Heathrow faces strike action from today and throughout February in a dispute over pay and conditions.
The Unite union warned that action today (Friday) is part of at least a month of disruption at the airport.
The UK’s main aviation union has already announced strikes for February 9, 13, 16 and 18 and further industrial action is expected in the future.
Unite previously took four days of strike action in December as part of the dispute.
The London hub insists it will keep operating despite the walkout by workers, including baggage handlers and firefighters.
The union accused Heathrow of firing and rehire its entire workforce on “vastly inferior” wages and conditions.
The Covid crisis has cost Heathrow more than £1.5 billion as passengers numbers have been hit by lockdowns and restrictions.
The number of travellers using the London hub fell 72.7% to 22.1 million over 2019 levels.
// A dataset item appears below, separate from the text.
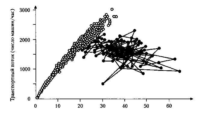 Все это, казалось бы, говорит в пользу модели НаШ, но поведение тран портных потоков в действительности таит в себе еще много сюрпризо На рис. 7.6 представлен другой набор данных наблюдений, отражающя новые аспекты движения. Общая картина практически не изменилас присутствует ветвь свободного потока с метастабильной областью и веті тесного потока, отходящая от первой. Однако ветвь тесного потока вдр] превращается в запутанный клубок! Машины не просто «втыкаются в пробку, замедляясь почти до полной остановки и затем, после преодоления пробки, вновь ускоряясь. На самом деле при переходе от свободного потока к тесному скорости отдельных машин (и соответственно величина потока) могут изменяться в очень широких пределах.

Unite said it was taking a flexible approach to the strike action with different groups of workers embarking on strike action at different times, involving firefighters, engineers, security, baggage operations, central terminal operations, landside and airside operations.
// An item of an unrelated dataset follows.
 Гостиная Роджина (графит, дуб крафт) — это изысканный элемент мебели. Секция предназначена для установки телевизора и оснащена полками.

Heathrow is using sub-contractors, agency workers and casual staff as a contingency when workers are on strike.
Unite regional co-ordinating officer Wayne King said: “[Heathrow] has brutally stripped workers of their pay and left many of them unable to make ends meet.
“With workers being forced to downsize and give up their cars it is not surprising that they are determined to step up industrial action.
“[Heathrow]’s motives from the outset have been all about greed and not about need. If this was linked to the Covid-19 pandemic and its impact on aviation, then cuts to pay would be temporary and not permanent.”
A Heathrow spokesperson said: “Every frontline colleague has accepted the new offer which pays above the market rate and London living wage.
“Nobody has been fired and rehired and indeed, 48% saw no change or experienced a pay increase.”
There will be a ‘business recovery incentive payment’ to all workers if the airport has recovered sufficiently in two years’ time, the spokesperson said, adding that its approach had prevented “huge swathes of compulsory redundancies”.
“These strikes unnecessarily threaten further damage to our business already facing a number of challenges, with virtually no support from government.”